Behaves like the built-in str.rfind() method. Returns an integer, the index of he last (right-most) occurence of the substring argument sub in the sub-sequence given by [start:end].

rindex(sub, start=0, end=9223372036854775807)

Like blob.rfind() but raise ValueError when substring is not found.

sentiment

Return a tuple of form (polarity, subjectivity ) where polarity is a float within the range [-1.0, 1.0] and subjectivity is a float within the range [0.0, 1.0] where 0.0 is very objective and 1.0 is very subjective.

Return type:namedtuple of the form Sentiment(polarity, subjectivity)
sentiment_assessments

Return a tuple of form (polarity, subjectivity, assessments ) where polarity is a float within the range [-1.0, 1.0], subjectivity is a float within the range [0.0, 1.0] where 0.0 is very objective and 1.0 is very subjective, and assessments is a list of polarity and subjectivity scores for the assessed tokens.

Return type:namedtuple of the form Sentiment(polarity, subjectivity, assessments)
split(sep=None, maxsplit=9223372036854775807)[source]

Behaves like the built-in str.split() except returns a WordList.

Return type:WordList
starts_with(prefix, start=0, end=9223372036854775807)

Returns True if the blob starts with the given prefix.

startswith(prefix, start=0, end=9223372036854775807)

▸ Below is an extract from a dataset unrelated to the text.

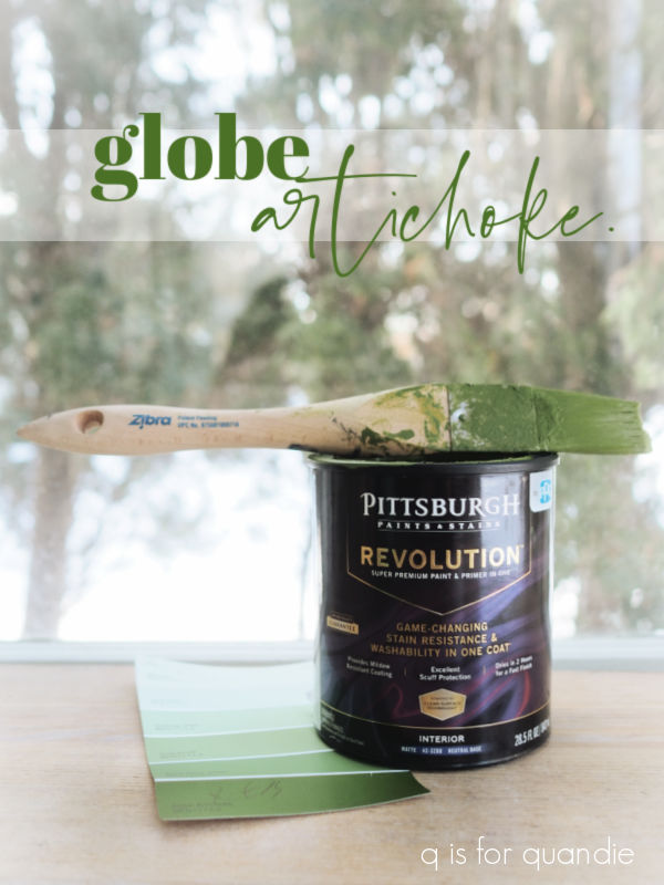 When I first painted up the Sure Swatch with Globe Artichoke I thought for sure that it was not going to be the right color.  It was too light, and way more olive than I thought I wanted.  But I painted the swatch in the piano room, which gets a lot more light.  When I put the swatch on the wall in the q branch (these swatches have a post-it note like stickiness on the back), I realized that it was exactly what I was looking for.

Returns True if the blob starts with the given prefix.

strip(chars=None)

Behaves like the built-in str.strip([chars]) method. Returns an object with leading and trailing whitespace removed.

subjectivity

Return the subjectivity score as a float within the range [0.0, 1.0] where 0.0 is very objective and 1.0 is very subjective.

Return type:float
tags

Returns an list of tuples of the form (word, POS tag).

Example:

[('At', 'IN'), ('eight', 'CD'), ("o'clock", 'JJ'), ('on', 'IN'),
        ('Thursday', 'NNP'), ('morning', 'NN')]
Return type:list of tuples
title()

Returns a blob object with the text in title-case.

tokenize(tokenizer=None)[source]

Return a list of tokens, using tokenizer.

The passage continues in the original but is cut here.